Topeka left New York on 30 June 1898 and, after stopping for five days at Key West, Florida, she continued her journey south to join the American naval blockade of Cuba. On 11 July, Topeka joined the blockade of Havana and then was sent to patrol the coast of Bahia de Nipe, in northeastern Cuba. On 17 July, Topeka and USS Maple captured the Spanish sloop Domingo Aurelio off Bahia de Nipe and four days later Topeka, along with USS Annapolis, USS Wasp, and USS Leyden, were ordered to attack Bahia de Nipe. The four American warships encountered some cannon fire from shore while entering the port, but they quickly silenced it with their own guns. They also sank the Spanish gunboat Jorge Juan, which was lying at anchor near shore. Once the port was captured, Topeka was sent to Key West with dispatches, but she returned to Cuba on 28 July and remained there until 5 August, when she was sent back to Key West. The gunboat made one more trip to Cuba on 14 August before being ordered back to the United States.

In late 1898 and early 1899, Topeka patrolled the Caribbean and then was placed in reserve at the Boston Navy Yard. In August 1900, the gunboat was re-commissioned as a training ship and was equipped with a sailing rig to give new sailors experience in both sail and steam power.
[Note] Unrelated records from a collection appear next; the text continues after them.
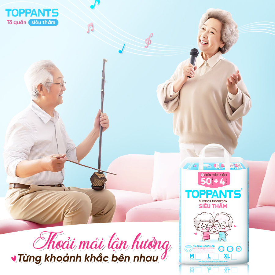 ✨Tã/Bỉm Quần người lớn TOPPANTS Siêu Thấm, Chống Trào, Kháng Khuẩn Size M/L/XL (54 Miếng)
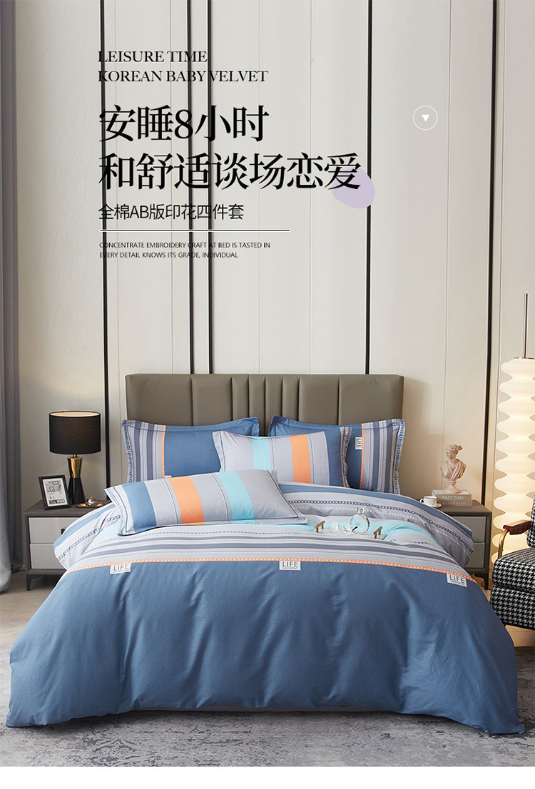 金纱玉纺家纺 2023新款全棉大版印花13372四件套 莫比尔--兰
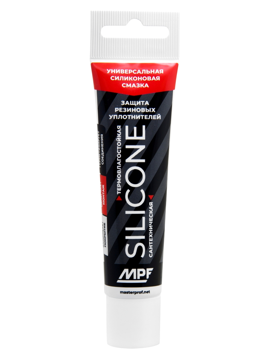 Смазка силиконовая универсальная 30 г применяется для улучшения скольжения при монтаже канализационных труб и фасонных частей деталей сантехприборов, муфт, фитингов, уплотнительных прокладок пластмассовых труб, для герметизации соединений при сборке пластмассовых муфт трубопроводов канализации, при установке резиновых прокладок и уплотнений, при протяжке кабелей в трубах, для защиты от влаги, смазки замков, петель и т.д. Обеспечивает защиту резиновых уплотнений от старения. Состав - силикон, загустители, фторопласт

She was assigned to the Mediterranean from November 1900 to early January 1901 and then steamed to the Azores and the West Indies. Topeka was assigned to the Caribbean region for the next five years, protecting American lives and property in such trouble spots as Haiti, Venezuela, Santo Domingo, Hispaniola, and the Dominican Republic. In January and February 1904, Topeka steamed along the coast of Panama just after the revolution there separated that new country from Colombia, paving the way for the construction of the Panama Canal.

Topeka was decommissioned at the Portsmouth Navy Yard, Portsmouth, New Hampshire, in September 1905 and remained there as a station ship and as a prison ship for more than 10 years. For a brief time in mid-1916, Topeka acted as a receiving ship at the New York Navy Yard and then returned to Portsmouth, where she was used as a training ship during World War I. After being re-commissioned in March 1919, Topeka spent most of that year patrolling the coast of Mexico. The gunboat underwent a major overhaul at Charleston, South Carolina, in November 1919, and then received the new hull number of PG-35 in July 1920. A year later, Topeka was again re-designated IX-35 and on 1 July 1922, she was put up for sale. But, since no satisfactory bids were made for the ship, Topeka was withdrawn from the market on 29 September. The old gunboat then served as a Naval Reserve training ship at Philadelphia, Pennsylvania, from July 1923 to 2 December 1929, when she was decommissioned for the last time. Now almost 50 years old, the US Navy struck USS Topeka from the Navy List on 2 January 1930 and she was sold for scrap in May of that same year.

This was an amazing career for a ship that was not originally built to be a gunboat and also languished in a foreign port for almost 20 years before being purchased by the US Navy. Topeka then went on to serve in the US Navy for more than 30 years, a remarkable record considering she almost was obsolete when the Navy purchased her in 1898.